HOUSTON – Two Houston women have been taken into custody on charges they committed fraud against the Veterans Administration (VA) by generating purchase orders for fictitious goods and services, announced U.S. Attorney Ryan K. Patrick.
Authorities arrested Eduora McDaniel aka Eudora McDaniel, 75, today, and she is expected to make her initial appearance before U.S. Magistrate Judge Nancy Johnson at 1:00 p.m. Co-defendant Angela Hunter aka Angelia Hunter, 53, is expected to appear in federal court Thursday at 2:00 p.m.
The 11-count indictment, returned June 7, 2018, alleges McDaniel was a prosthetics representative at the VA, while Hunter co-owned Divine Iron Works – a company that was an approved VA prosthetics vendor. They allegedly entered into an agreement to split VA payments for goods and services Hunter’s company never provided.
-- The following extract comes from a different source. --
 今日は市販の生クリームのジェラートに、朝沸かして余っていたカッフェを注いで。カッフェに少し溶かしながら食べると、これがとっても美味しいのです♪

While Divine Iron Works was an approved vendor to provide prosthetic goods and services for the VA, the company was effectively defunct from January 2011 to December 2014 and provided no actual goods or services, according to the charges. The indictment alleges that as a VA prosthetics representative, McDaniel had the authority to obtain prosthetic goods and services if a Veterans Administration physician found it medically necessary, which she was authorized to pay using a government-issued VISA credit card. McDaniel allegedly created bogus purchase orders for Hunter’s company, which Hunter used to obtain payment on McDaniel’s government credit cards. McDaniel and Hunter split the payments according to the charges.